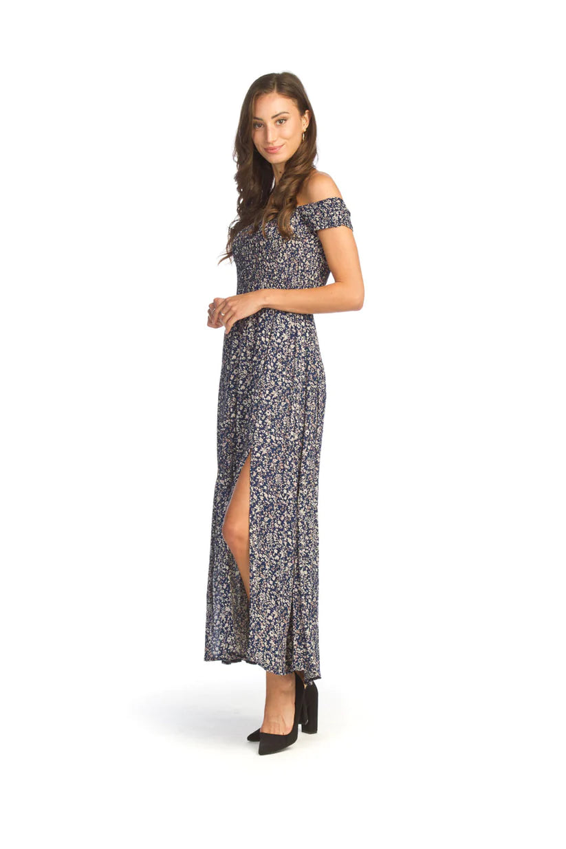 Ditsy Floral Smocked OTS Dress w/ Slit
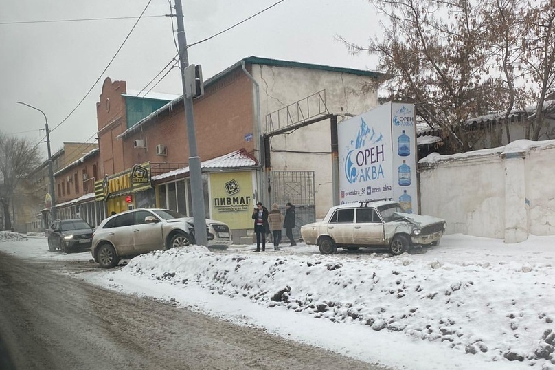 В Оренбурге на улице Чичерина Audi и «копейка» протаранили фонарный столб
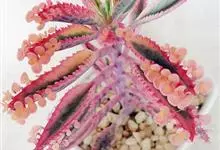 棒叶落地生根是景天科、落地生根属植物。茎直立、粉褐色。叶圆棒形,上表面有沟、粉色,有红褐斑。叶片交互对生,交叉排列成十字形。叶端锯齿上长有很小的幼株、落地后即可生根成活。原产非洲马达加斯加。…全部>>
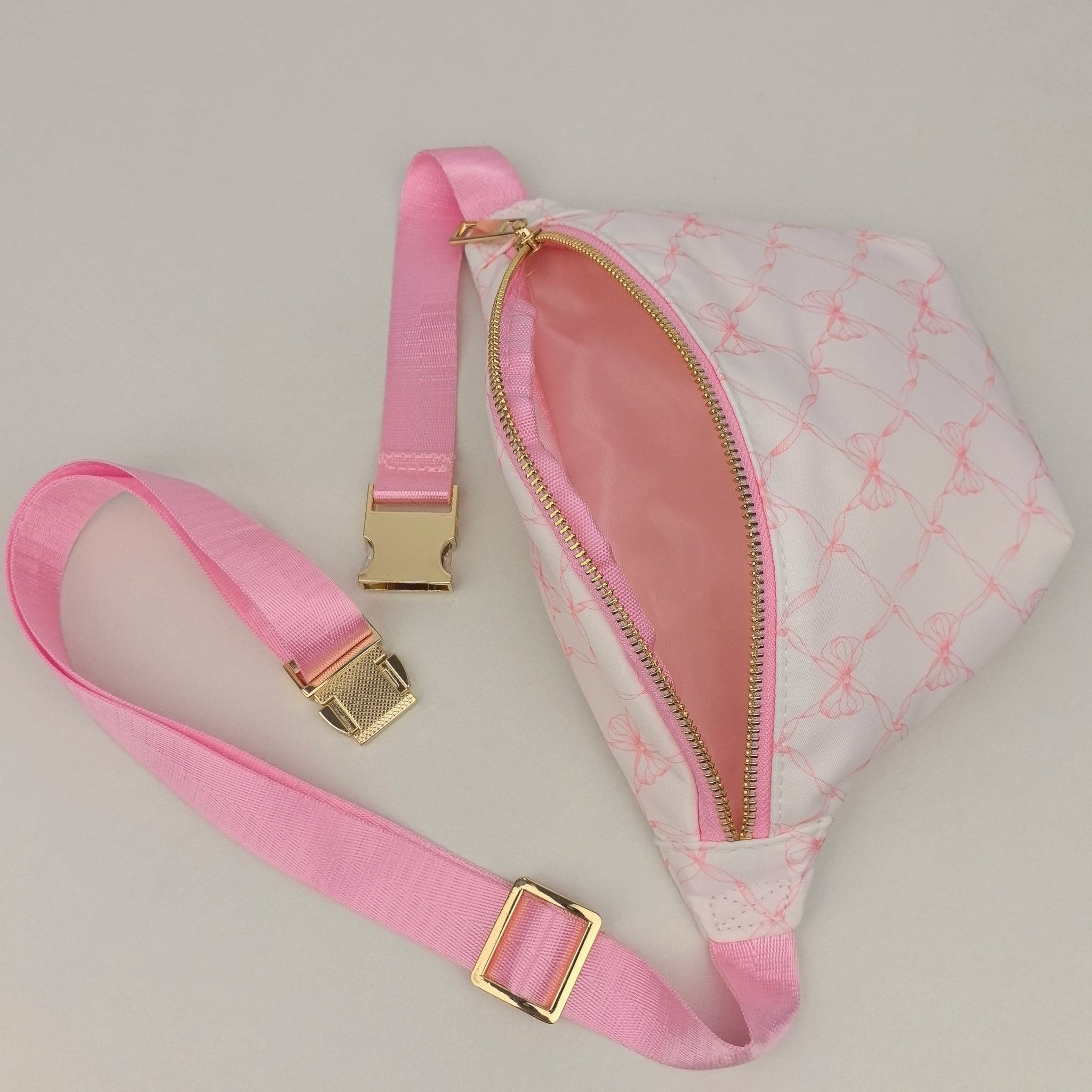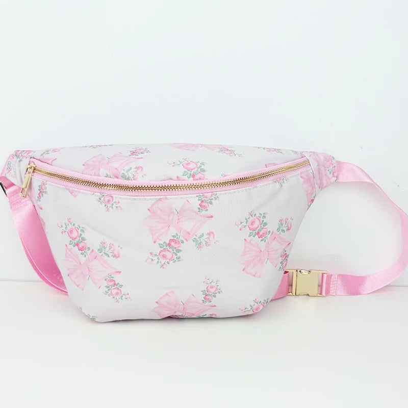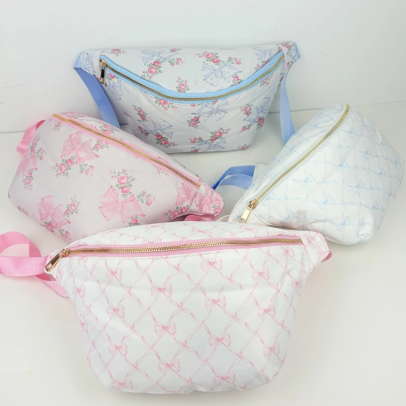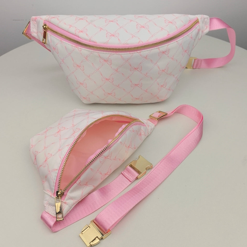 2024 Women's Nylon Bow Print Waist Bag Handbag Crossbody Chest Fanny Pack Travel Storage Adjustable

□ □ □ □

From the line containing "棒叶落地生根是景天科、落地生" through the final line of the listing, copy every line exactly and nothing else. Skip the pictures.

 棒叶落地生根是景天科、落地生根属植物。茎直立、粉褐色。叶圆棒形,上表面有沟、粉色,有红褐斑。叶片交互对生,交叉排列成十字形。叶端锯齿上长有很小的幼株、落地后即可生根成活。原产非洲马达加斯加。…全部>>
 2024 Women's Nylon Bow Print Waist Bag Handbag Crossbody Chest Fanny Pack Travel Storage Adjustable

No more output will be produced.